'Yıkıcı şeyler yazmamalıyız gelecek adına'
Bunca yıl üşüdü duyarlılık duvarına sırtını vererek.. Alışmadı hiç içine işleyen soğuğa. Sordu, sorguladı durmadan onu her sabah yatağından çıkaran kaygıları... Susmadı, susamazdı... Ülkesinin hallerinden, gidişatından kaygıları dize dize eklemlendi günlük yaşamın kaygılarına şair yürekte. Panzerlerin, erk oyalamalarının önüne dikildi dizeleri. Şiirini yandaşlık fikrinden olanca soyutlukta donattı günümüz gidişatı da. Şiirin sorunsallarına, insan olma hallerine, anımsanan güne, geçmişe, isyanı ölçülü, yüreği sevgi dolu, sesi, soluğu önce çocuklara sonra kitlelere adanmış bir Melisa Gürpınar, bir Elyazısı Yılları okuyacağınız. Gürpınar'la yeni şiir kitabı Elyazısı Yılları'nı konuştuk.
'(...) Hangi kentte uyansam,/ bir de bakıyorum/ binlerce cüce/ yürüyor caddelerde, / takkelerle külahlar/ karışmış birbirine./ Kime güvensem, köle olmuş/ bir yoklar ülkesinde,/ ilişmiş/ teneke bir sarayın/ kapısına yüzsüzce.' (Düş Gezintisi adlı şiirinden)
Elyazısı Yılları, Melisa Gürpınar'a en çok neleri anımsattı, hangi duygularla yola çıkarttı?
En çok dünden yola çıkıp bugüne gelmeyi bana arzu ettirdi. Bugünden hiç kopamazdım, bugüne çok sadık kaldım ama dün de hiç aklımdan çıkmıyordu. İkisi arasında bir bağlantı noktası kurmaya çalıştım.

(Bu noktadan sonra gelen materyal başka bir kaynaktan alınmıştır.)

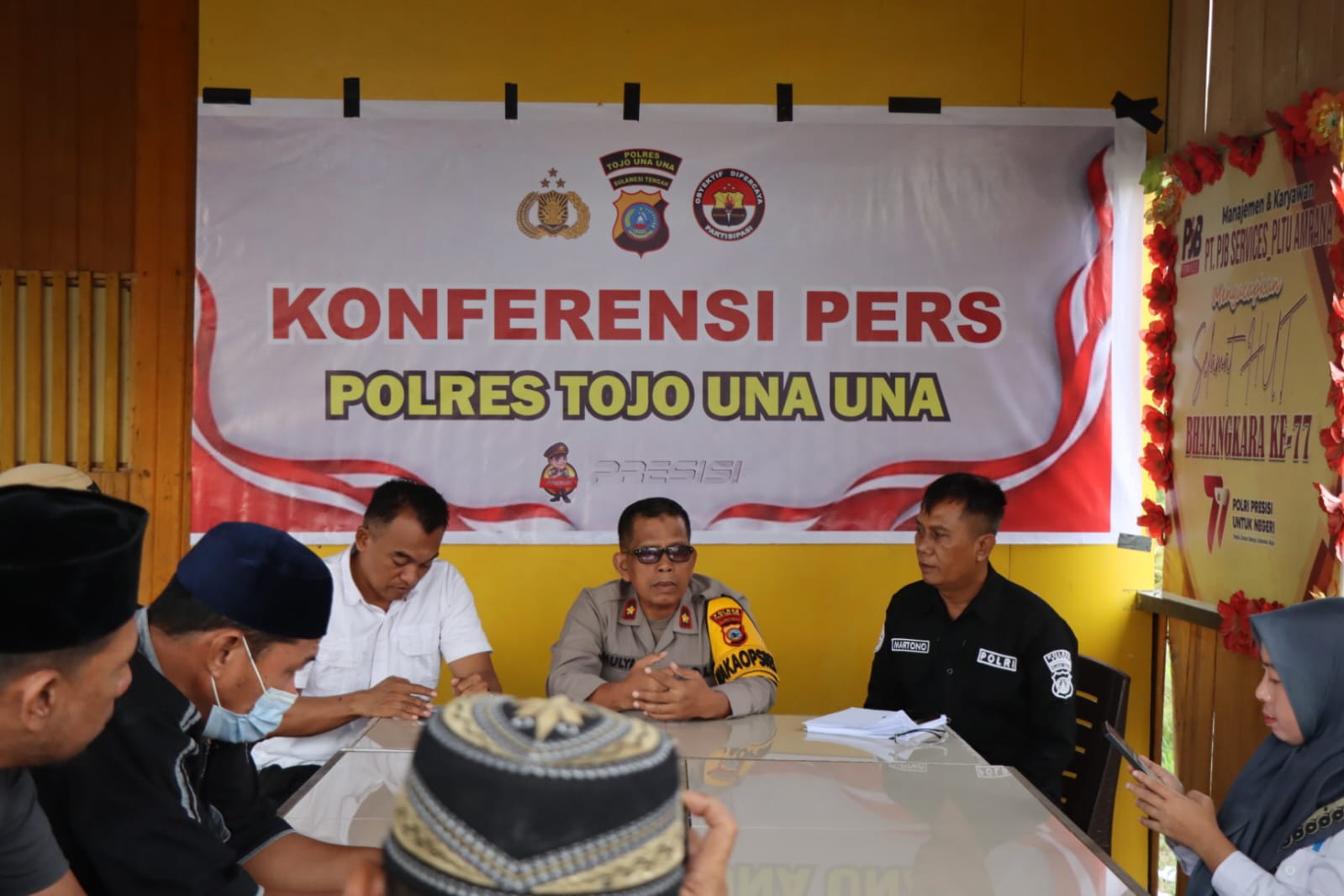 TOUNA – Wakapolres Tojo Una-Una Kompol Mulyadi, memimpin konferensi pers tentang pengungkapan dan keberhasilan penangkapan komplotan spesialis pencurian kabel power tower telekomunikasi yang beraksi di Desa Tongku, Kecamatan Tojo.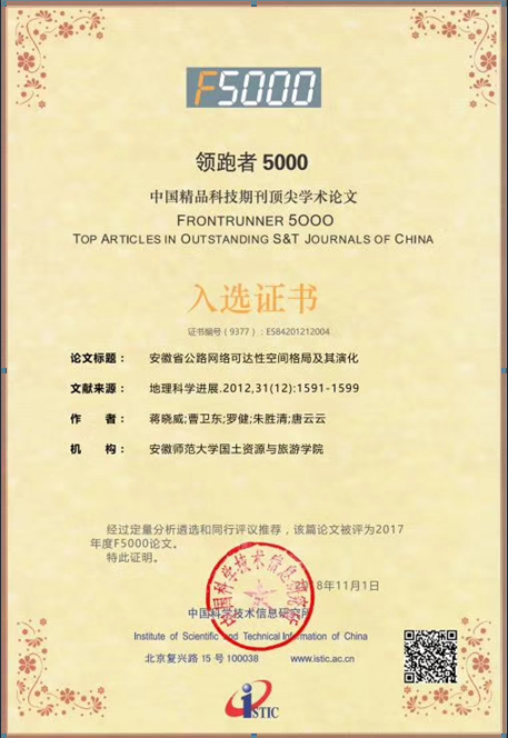 (原国土资源与旅游学院)曹卫东教授及其研究生蒋晓威、罗健、朱胜清、唐云云等作者于2012年12月份发表在地理科学进展上的论文“安徽省公路网络可达性空间格局及其演化”,经过定量分析和同行评议推荐,该论文被评为2017年度F5000论文,入选“领跑者5000—中国精品科技期刊顶尖学术论文” 。

Bir de kendi konumum, bu kitabımı yazdığım yıllarda biraz daha rahatsız oluşum, biraz daha dünyaya veda gibi, biraz daha yaşlılığın naifliğini taşısın istedim. Ama ozanlığın sertliğini, toksözlülüğünü taşısın da istedim. Yani çelişkilerle, bir anlamda gitgellerle dolu bir kitap oldu.
Sadece yaşlılık değil gençlik de var...
Evet ama bugünkü konumumu da ihmal etmedim.
Ne kadar zamanlık bir emeğin ürünü Elyazısı Yılları?
Benim tüm kitaplarım aşağı yukarı 3-4 yıl aralıklarla yayımlanıyor. Bu da öyle, yazılma süreci 3 yıl. Belli bir zaman aralığından sonra artık daha fazla oynamayı sevmiyorum çünkü üzerinde ne kadar uğraşırsanız o kadar çıkmaza girebiliyorsunuz. Yıktıkça yeniden yapmak gerekiyor şiiri ve bu sonsuz bir uğraş. Bir yerde, aynı romanı bitirir gibi bir şiir kitabını da bitirmek gerekiyor. O nedenle süreyi ve süreci fazla uzatmayı tercih etmiyorum.
Elyazısı Yılları çok bağlamlı, çok oylumlu yapıtlarınıza en güncel örnek kuşkusuz... Çocuklara gülümseyiş de var, mitoloji de' Devlete, erke sesleniş de var, panzerlerin önüne dikiliş de...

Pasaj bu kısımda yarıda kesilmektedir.